Christina Arokiasamy

1 lb skinless cod fillet

1 tbs canola or peanut oil

2 Garlic cloves , minced

2 Fresh red chiles , minced

2 small shallots , chopped

3 tbs Fish sauce

3 tbs Tamarind Liquid

3 tbs palm sugar or brown sugar

Preheat the broiler. Place the fish on a baking sheet and drizzle with the oil. Carefully place the baking sheet on the top rack under the broiler and broil for 10 minutes , or until light golden and cooked through.

Meanwhile combine the garlic , chiles , shallots , fish sauce , tamarind liquid and palm sugar in a small pan. Bring to a boil over medium heat , then reduce the heat to low and simmer for 5 to 7 minutes.

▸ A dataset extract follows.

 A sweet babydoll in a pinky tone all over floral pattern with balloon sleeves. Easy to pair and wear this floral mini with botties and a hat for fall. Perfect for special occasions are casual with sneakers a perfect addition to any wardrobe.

Carefully remove the fish from the broiler and transfer to a serving platter. Pour sauce over fish and serve immediately.

Salmon with Ginger Butter

Christina Arokiasamy has combined the flavors of butter , ginger and shallots with brilliance in this simple , easy to prepare dish , yet extraordinary dish. Salmon can easily be substituted for any fish of choice.

Serves 4

1 lb skinless Salmon fillet

1 tbs extra virgin olive oil

2 tbs butter

one 3 inch piece fresh ginger , peeled and cut into long thin matchsticks

1 small shallot , thinly sliced

2 scallions , both white and green parts chopped

1/2 cup chicken broth

1 tbs oyster sauce

1 tsp soy sauce , or to taste

Pat the fish dry with paper towels , cut fish into 4 pieces , set aside.

Heat the olive oil and butter in a skillet over medium heat. Add ginger and shallot and cook until light brown in color , about 5 minutes.

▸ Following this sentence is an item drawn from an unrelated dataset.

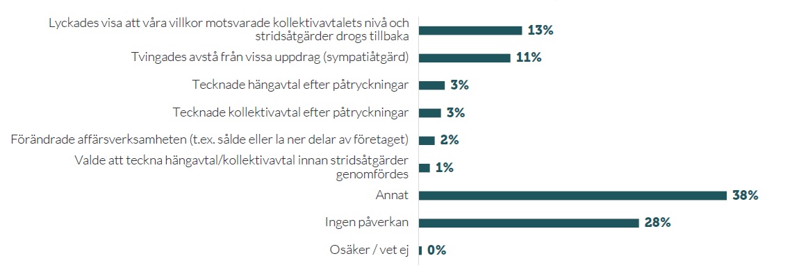 När kollektivavtal inte är norm bland småföretag innebär konfliktåtgärder i praktiken ofta att företag ansluter sig till kollektivavtalsmodellen genom konflikt snarare än genom frivillig anslutning.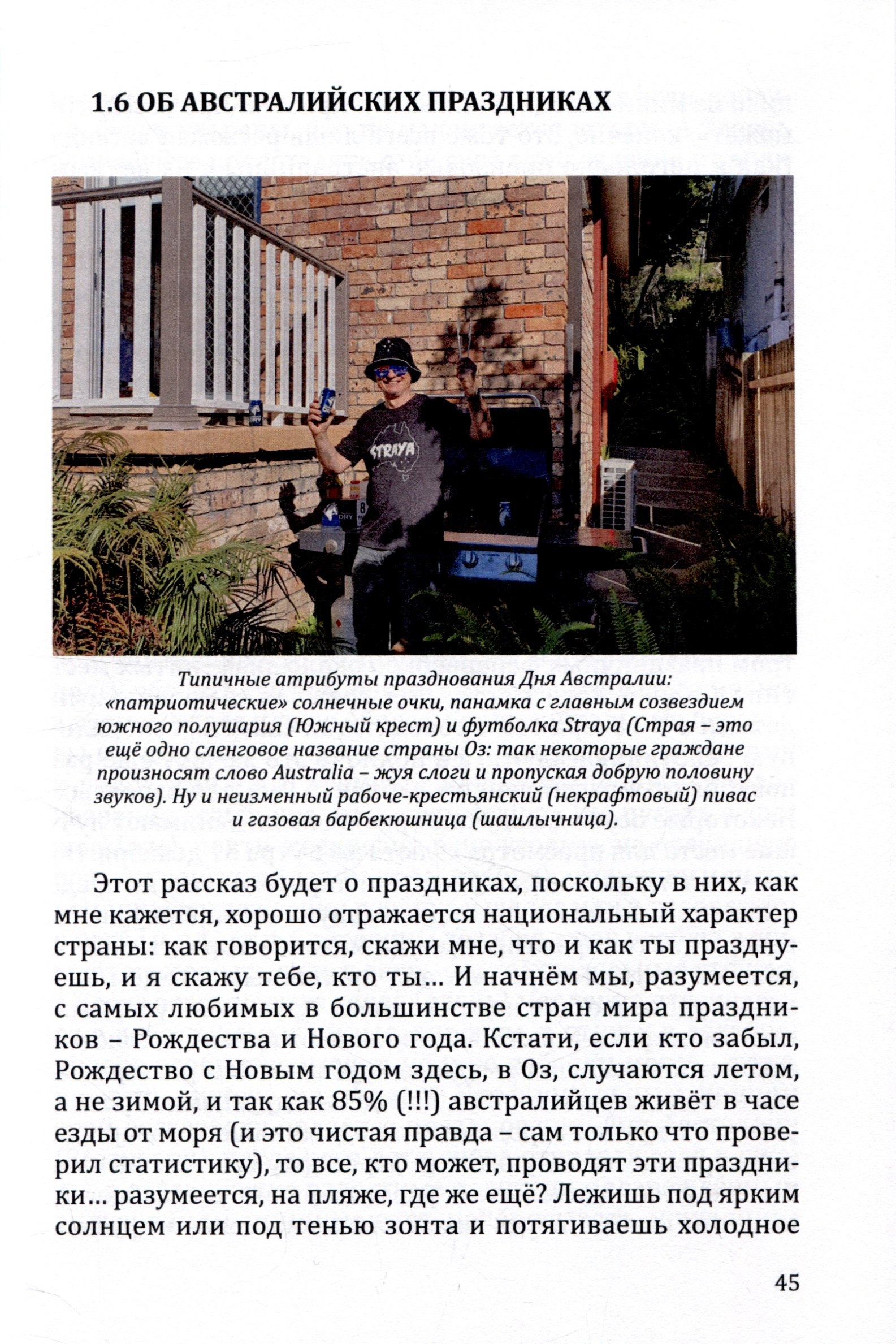 Главы книги – это очерки о быте, увлечениях и проблемах австралийцев. Подчас с юмором, а иногда и с ноткой грусти автор говорит о здравоохранении и образовании, политике и туризме.

Add the scallions , chicken broth ,oyster sauce ,and soy sauce. Bring just to a boil. Taste and add more soy sauce if needed for saltiness. Add fish pieces and cook for 5 minutes on each side, until most of the liquid is absorbed into the fish and the fish is warm in the center.

Transfer the fish to a serving plate , top with cooked ginger , shallots and scallions and serve immediately.

Deep fried spiced Tofu

I am always looking for new ways to serve Tofu. This is a perfect way to serve as a finger food or appetizer or as a mean dish I saute some haricot vert with red peppers and add the fried tofu , its best topped with peanut , chilli or soy sauce, the tofu soaks up the flavors.

1/2 lb block firm tofu

1/2 cup rice flour

2 tsp ground coriander

1 tsp ground cardamon

1 clove garlic , crushed

1/2 cup water

oil, for deep frying

Drain Tofu , cut into 1 inch slices.

Combine rice flour , coriander , cardamon and garlic in a bowl. Add water , stir until smooth.

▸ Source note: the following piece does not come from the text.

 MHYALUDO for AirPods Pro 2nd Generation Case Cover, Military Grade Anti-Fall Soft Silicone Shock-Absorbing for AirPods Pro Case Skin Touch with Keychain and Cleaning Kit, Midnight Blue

Heat oil in a pan . Dip tofu slices into spice mixture, coat thickly.

Lower slices into heated oil , three at a time , cook on medium heat for 1 minute on each side or until crisp and golden brown, drain on absorbant paper. Repeat.

Serve alone or with stir fried vegetables , along side ,Peanut sauce , chilli sauce or soy sauce

Nasi Goreng

This Indonesian style fried rice is a staple in our home , especially when I am looking for a one dish meal. It is great as a meal as it combines both vegetables , seafood and poultry. As with all fried rice recipes you will need to cook the rice well ahead of time , place it in a tray and cool so as to prevent stickiness.

Serves 4

1/2 lb medium sized shrimp, peeled and deveined

1/4 lb chicken thigh filets , sliced into thin strips

2 eggs, beaten until blended

3 tbs peanut oil

1 large carrot , cut into fine julienne strips

1 clove garlic , crushed

1 tsp Sambal oelek

1 tbs dark soy sauce

4 cups cooked rice (from 1 1/2 cups raw rice)

4 spring onions , sliced on diagonal

Cilantro for garnish

Heat 1 tbs of oil in a frying pan, pour in eggs , cook over low heat until eggs have set, lift out. When omlette is cold , roll it up , slice thinly.

Heat remaining oil in frying pan ,add shrimp , chicken , carrot and garlic, stir fry until browned.

Add sambal oelek , soy sauce, rice and spring onions, stir fry until heated through. Serve garnished with omlette strips and cilantro.

For an authentic , festive look garnish with curls of spring onions and red pepper.